About this exercise: Leaving out the pictures, transcribe all of the records faithfully.

Data excerpts:
╭──
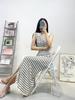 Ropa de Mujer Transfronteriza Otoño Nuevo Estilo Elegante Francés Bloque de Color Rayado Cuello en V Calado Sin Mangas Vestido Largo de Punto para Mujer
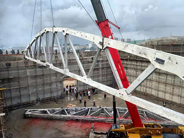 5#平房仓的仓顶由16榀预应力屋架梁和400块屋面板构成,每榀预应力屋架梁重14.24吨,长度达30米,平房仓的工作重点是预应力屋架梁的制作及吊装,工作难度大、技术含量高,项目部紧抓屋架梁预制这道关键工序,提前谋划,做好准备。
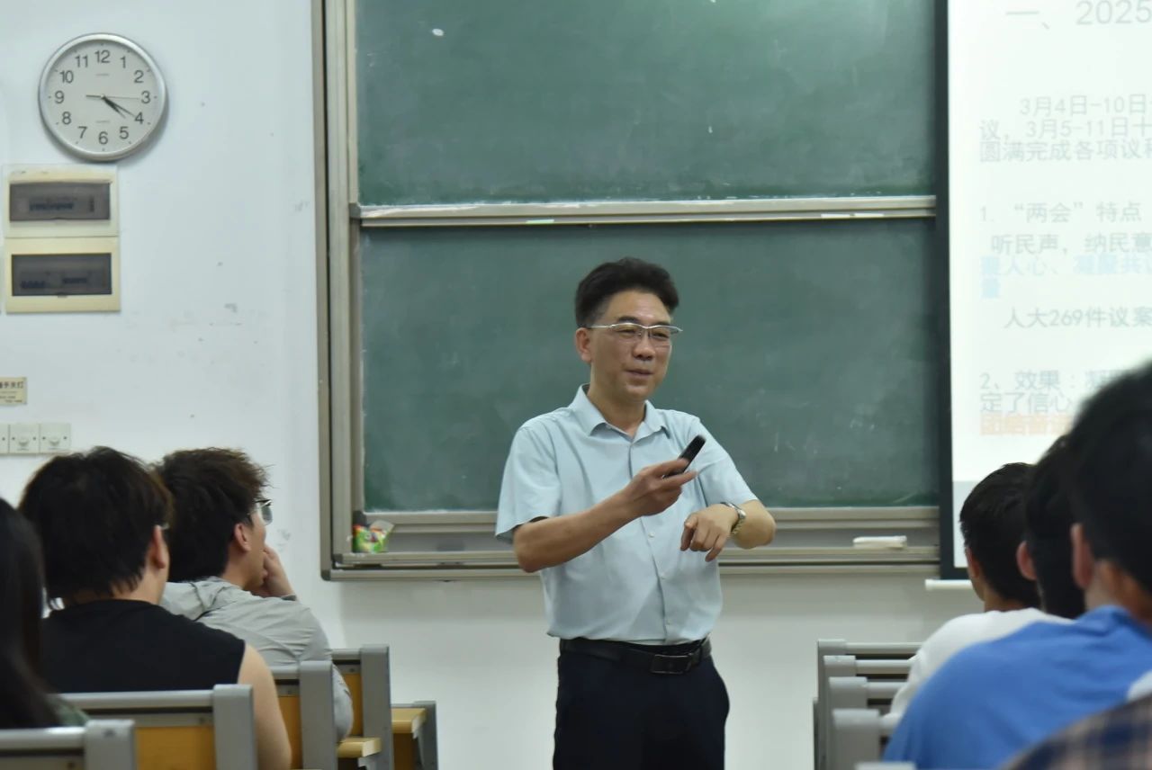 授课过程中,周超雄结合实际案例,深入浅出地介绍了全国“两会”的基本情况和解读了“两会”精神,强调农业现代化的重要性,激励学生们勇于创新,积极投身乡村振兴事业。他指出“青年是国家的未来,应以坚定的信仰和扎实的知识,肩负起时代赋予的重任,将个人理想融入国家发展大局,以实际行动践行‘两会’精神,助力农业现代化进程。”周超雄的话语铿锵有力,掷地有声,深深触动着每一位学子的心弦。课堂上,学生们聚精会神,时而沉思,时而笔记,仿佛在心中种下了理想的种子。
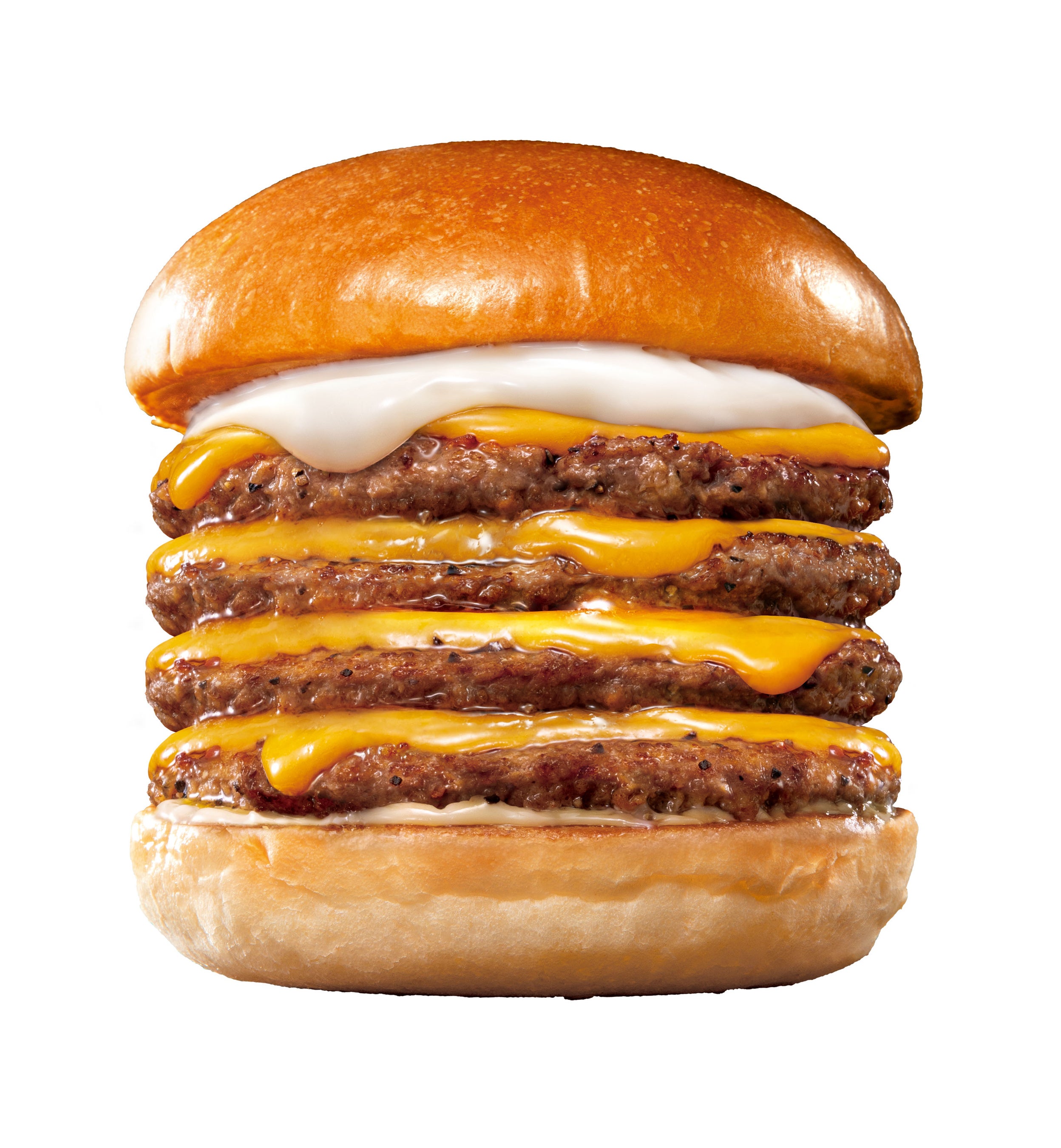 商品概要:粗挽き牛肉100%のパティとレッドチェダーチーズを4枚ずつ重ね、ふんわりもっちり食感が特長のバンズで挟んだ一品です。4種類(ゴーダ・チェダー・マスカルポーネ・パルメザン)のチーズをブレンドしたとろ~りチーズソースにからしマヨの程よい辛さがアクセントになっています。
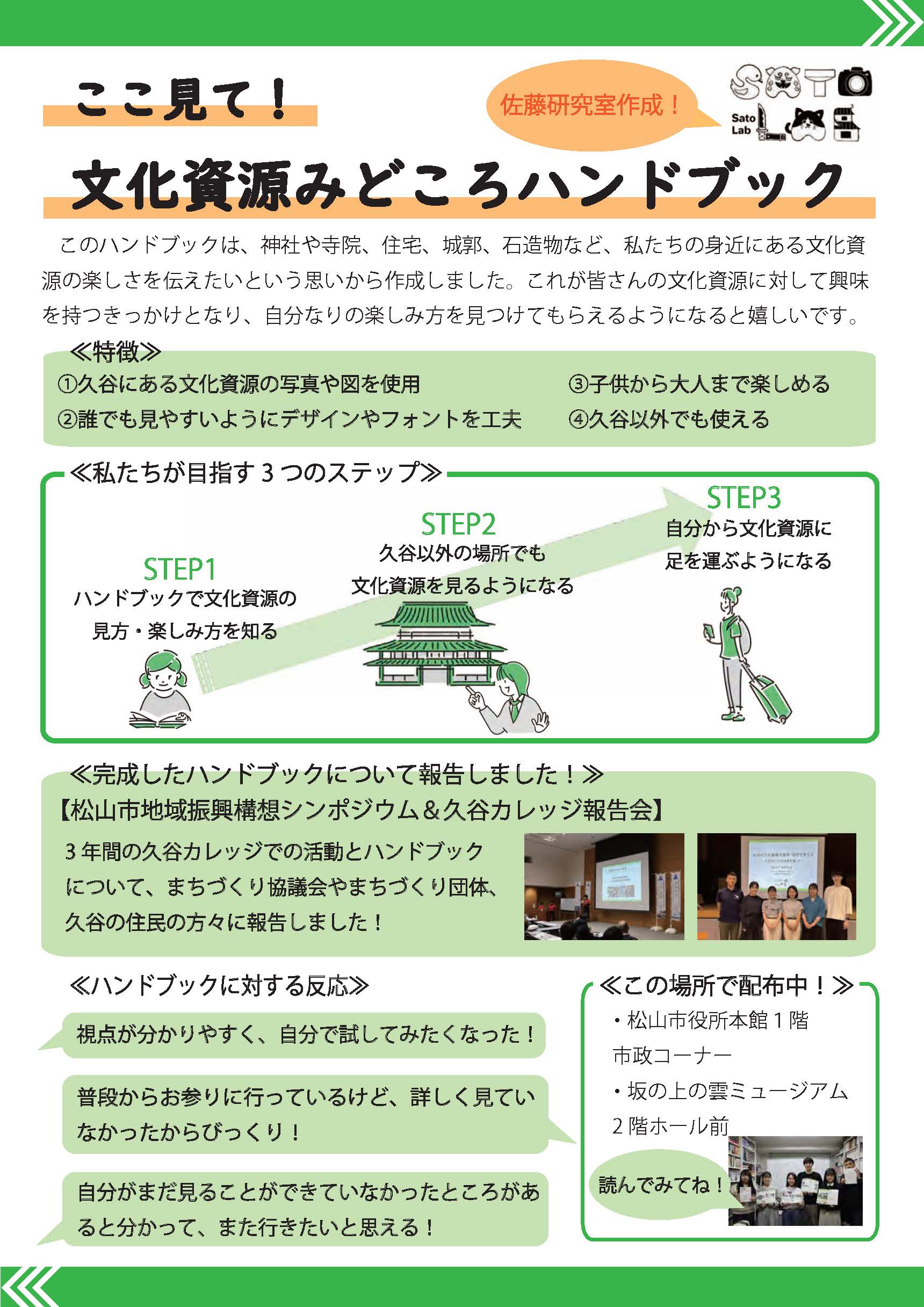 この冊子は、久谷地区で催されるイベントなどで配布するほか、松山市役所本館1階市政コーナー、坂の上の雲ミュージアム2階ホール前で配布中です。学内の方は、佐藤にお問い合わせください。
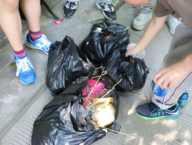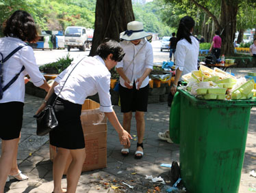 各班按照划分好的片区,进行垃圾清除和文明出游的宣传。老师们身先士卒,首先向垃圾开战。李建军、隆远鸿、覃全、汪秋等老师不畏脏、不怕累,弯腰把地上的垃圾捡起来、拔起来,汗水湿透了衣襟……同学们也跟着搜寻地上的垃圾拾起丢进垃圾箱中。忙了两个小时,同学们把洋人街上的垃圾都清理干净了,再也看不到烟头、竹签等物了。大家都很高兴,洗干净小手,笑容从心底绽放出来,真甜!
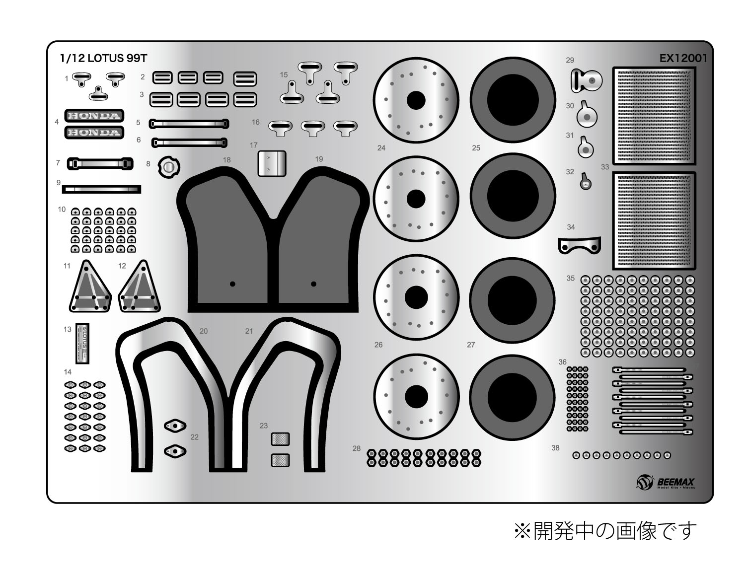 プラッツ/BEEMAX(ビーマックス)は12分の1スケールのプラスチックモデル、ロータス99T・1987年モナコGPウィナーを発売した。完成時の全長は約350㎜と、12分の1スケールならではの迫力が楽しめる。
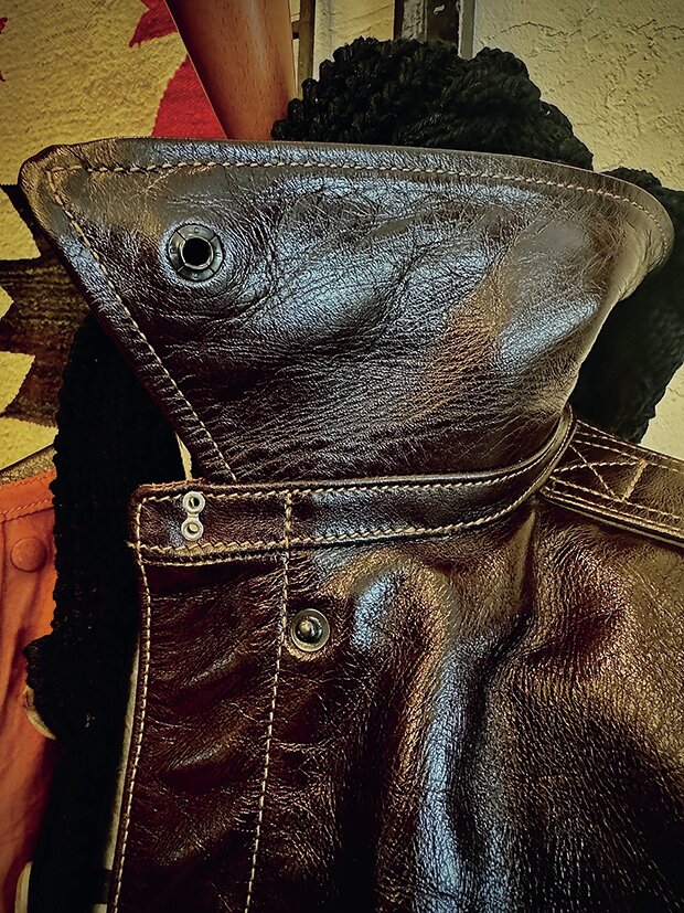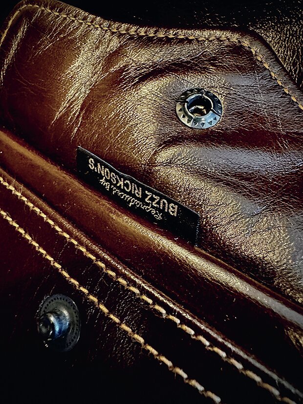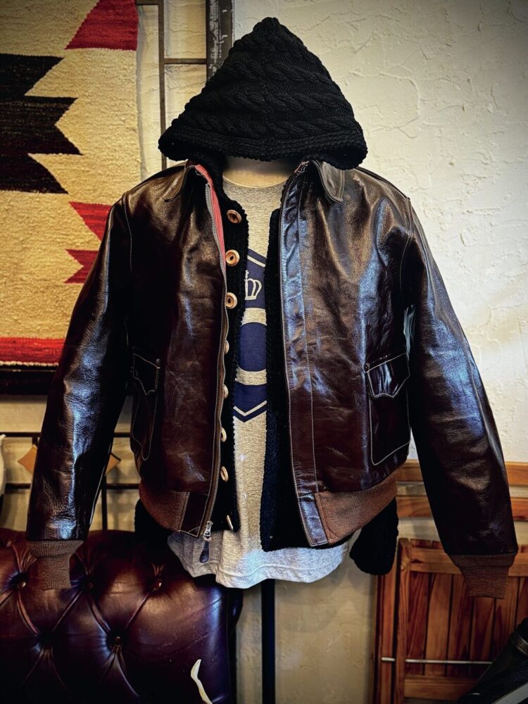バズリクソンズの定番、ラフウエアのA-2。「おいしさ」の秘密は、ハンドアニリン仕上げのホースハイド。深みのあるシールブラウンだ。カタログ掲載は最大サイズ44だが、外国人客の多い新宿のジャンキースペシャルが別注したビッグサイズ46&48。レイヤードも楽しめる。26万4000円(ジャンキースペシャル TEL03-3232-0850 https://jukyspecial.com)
╰──
Answer to this exercise:
 Ropa de Mujer Transfronteriza Otoño Nuevo Estilo Elegante Francés Bloque de Color Rayado Cuello en V Calado Sin Mangas Vestido Largo de Punto para Mujer
 5#平房仓的仓顶由16榀预应力屋架梁和400块屋面板构成,每榀预应力屋架梁重14.24吨,长度达30米,平房仓的工作重点是预应力屋架梁的制作及吊装,工作难度大、技术含量高,项目部紧抓屋架梁预制这道关键工序,提前谋划,做好准备。
 授课过程中,周超雄结合实际案例,深入浅出地介绍了全国“两会”的基本情况和解读了“两会”精神,强调农业现代化的重要性,激励学生们勇于创新,积极投身乡村振兴事业。他指出“青年是国家的未来,应以坚定的信仰和扎实的知识,肩负起时代赋予的重任,将个人理想融入国家发展大局,以实际行动践行‘两会’精神,助力农业现代化进程。”周超雄的话语铿锵有力,掷地有声,深深触动着每一位学子的心弦。课堂上,学生们聚精会神,时而沉思,时而笔记,仿佛在心中种下了理想的种子。
 商品概要:粗挽き牛肉100%のパティとレッドチェダーチーズを4枚ずつ重ね、ふんわりもっちり食感が特長のバンズで挟んだ一品です。4種類(ゴーダ・チェダー・マスカルポーネ・パルメザン)のチーズをブレンドしたとろ~りチーズソースにからしマヨの程よい辛さがアクセントになっています。
 この冊子は、久谷地区で催されるイベントなどで配布するほか、松山市役所本館1階市政コーナー、坂の上の雲ミュージアム2階ホール前で配布中です。学内の方は、佐藤にお問い合わせください。
 各班按照划分好的片区,进行垃圾清除和文明出游的宣传。老师们身先士卒,首先向垃圾开战。李建军、隆远鸿、覃全、汪秋等老师不畏脏、不怕累,弯腰把地上的垃圾捡起来、拔起来,汗水湿透了衣襟……同学们也跟着搜寻地上的垃圾拾起丢进垃圾箱中。忙了两个小时,同学们把洋人街上的垃圾都清理干净了,再也看不到烟头、竹签等物了。大家都很高兴,洗干净小手,笑容从心底绽放出来,真甜!
 プラッツ/BEEMAX(ビーマックス)は12分の1スケールのプラスチックモデル、ロータス99T・1987年モナコGPウィナーを発売した。完成時の全長は約350㎜と、12分の1スケールならではの迫力が楽しめる。
バズリクソンズの定番、ラフウエアのA-2。「おいしさ」の秘密は、ハンドアニリン仕上げのホースハイド。深みのあるシールブラウンだ。カタログ掲載は最大サイズ44だが、外国人客の多い新宿のジャンキースペシャルが別注したビッグサイズ46&48。レイヤードも楽しめる。26万4000円(ジャンキースペシャル TEL03-3232-0850 https://jukyspecial.com)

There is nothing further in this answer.